Another difference lies in the fact that in Plymouth, a worker’s peer assistant who comes to a population unit means that someone who has experienced addiction sees them.
“I was in AA, in many such things, but see, I can’t treat anyone I wasn’t where I was,” Lester said, adding that it was support in his residential unit who got him to join him to the program.
Participation in this was not always easy. Lester says he thought he could deceive the system, but that he was surprised to hold on it.
“I stopped [using drugs] Thanks to the program. ”
Evidence -based approach
Most evidence for the management of unforeseen situations comes from decades of veterans research.
The United States Veterans’ Department has implemented the program In 2011. But attitudes – like viewing awards as a myth – slowed its use for the general public.
Things moved when an overdose epidemic became a public health crisis.
California was the first country to cover the management of unp
In 2021, the states of Montana and Washington began to use the program to a large extent for stimulant use disorder.
In Washington, 24 clinics offer a 12-week program. Preliminary results show that out of more than 200 participants, about 70 percent have been engaged and recorded a decrease in their stimulus of use, according to McDonnell.
Information Morning – Frederickon14:40Clinical examination meth
British Columbia also has several programs to manage unforeseen situations, although very limited.
“It is an important part of the continuity of care for the use of substances,” a spokesman for the Ministry of Health said in a statement.
BC programs are operated by Vancouver Coastal Health and Fraser Health, including a 12-week group consultation program delivered by AIDS Vancouver. Most of them are focused on the use of stimulants.
The need for effective treatment programs has become more urgent in recent years as the crisis of toxic drugs has been deteriorating.
Although Fentanil and other opioids have made titles since 2016 in Canada and North America as a whole, stimulants are also present in the increasing share of the death of an overdose.
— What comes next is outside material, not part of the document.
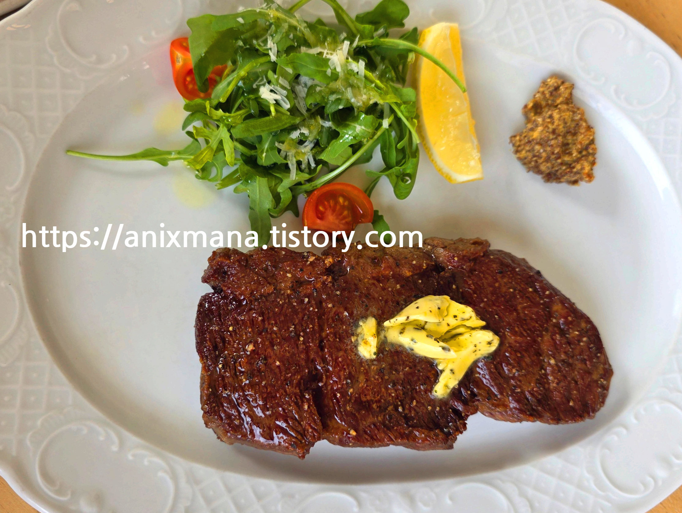 저는 핏기만 가셔도 먹는 스타일이지만 짝꿍은 절대 노노! 잘 익은 편을 선호해서- 그래? 그럼 잘익은듯한 익힘을 선호. 그래서 미디움웰던정도로...
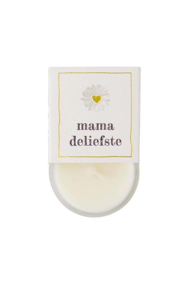 Geurkaarsje in wikkel - Mama de liefste - wit/zwart/geel

In Canada, stimulants were found together with Opioids in 64 percent of the death of toxic drugs in 2024.
During the same year, cocaine was detected in 52 percent of toxicological reports on overdose, and methamphetamine was found in 43 percent.
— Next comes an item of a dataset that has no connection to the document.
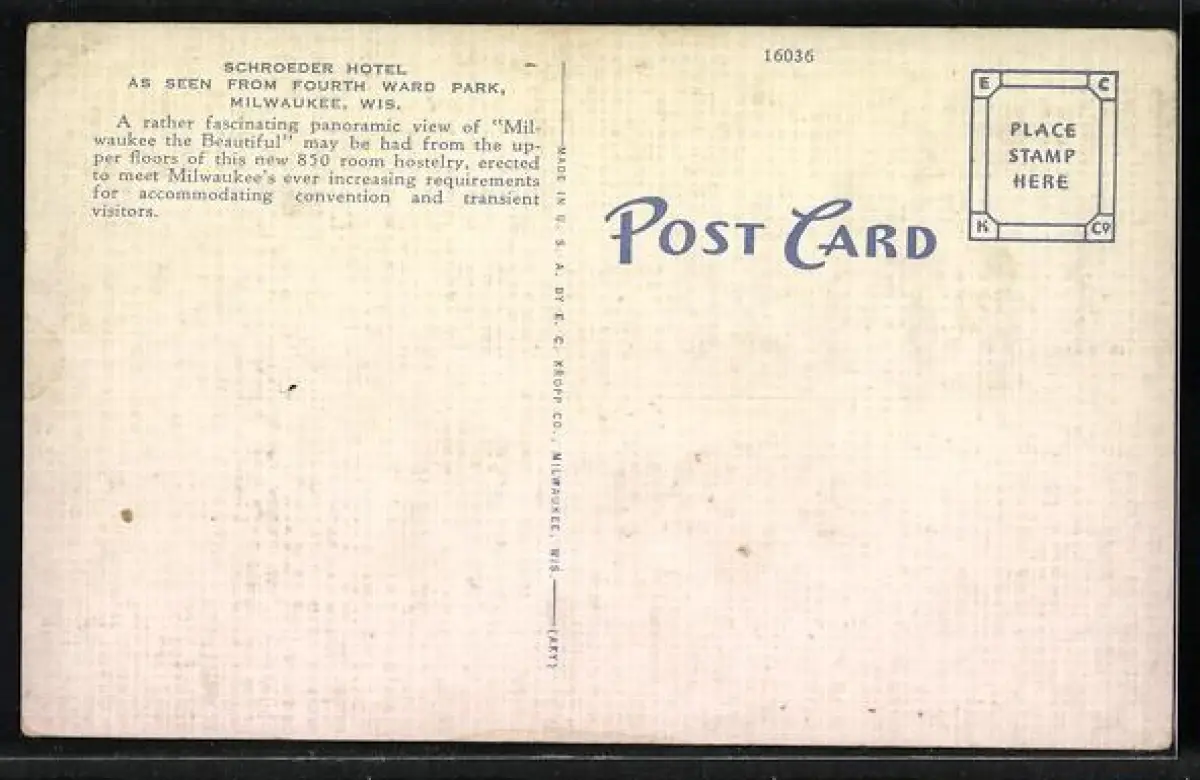 AK Milwaukee, WI, Schroeder Hotel as seen from the Fourth Ward Park

Bains says that the management of unforeseen situations provides the opportunity to succeed.
“So many programs are all or nothing, you have to be 100 percent sober or you are not successful. This is simply not what is managing in unforeseen situations.”
Bains has also witnessed the pride of some of the 40 participants in the one -year Pilot Plymouth Pilot project.
“I saw him change people. Giving them the opportunity to have $ 20 a week for someone who has no income changes life.”
Trucks are more likely to end
Although it can be thought that financial prizes would not be able to succeed as well as for more voluntary patients, McDonnell says they have proven to be a strong stimulus regardless of income.
“I have doctors, lawyers and other people who are financially well -made, but they really desperately want to stop using their substances … And they are motivated by the idea that they have been rewarded,” the researcher explained.
If nothing else, people who do badly manage to manage unforeseen situations.
“The likelihood is that they will end the program because they have so many other things they deal with,” McDonnell said. And, he added, they can rely on stimulants to be awake for security.
“It’s dangerous to be homeless: someone could come and steal your things, you might be attacked,” McDonnell said.
According to Lester, for six years located in Plymouth, it is more likely to say that the program.
Despite its low income, he says that incentives were less important than the process of responsibility and that someone believes in his success.
“I could tell you that I feel better now than I have ever felt in my life,” he said proudly.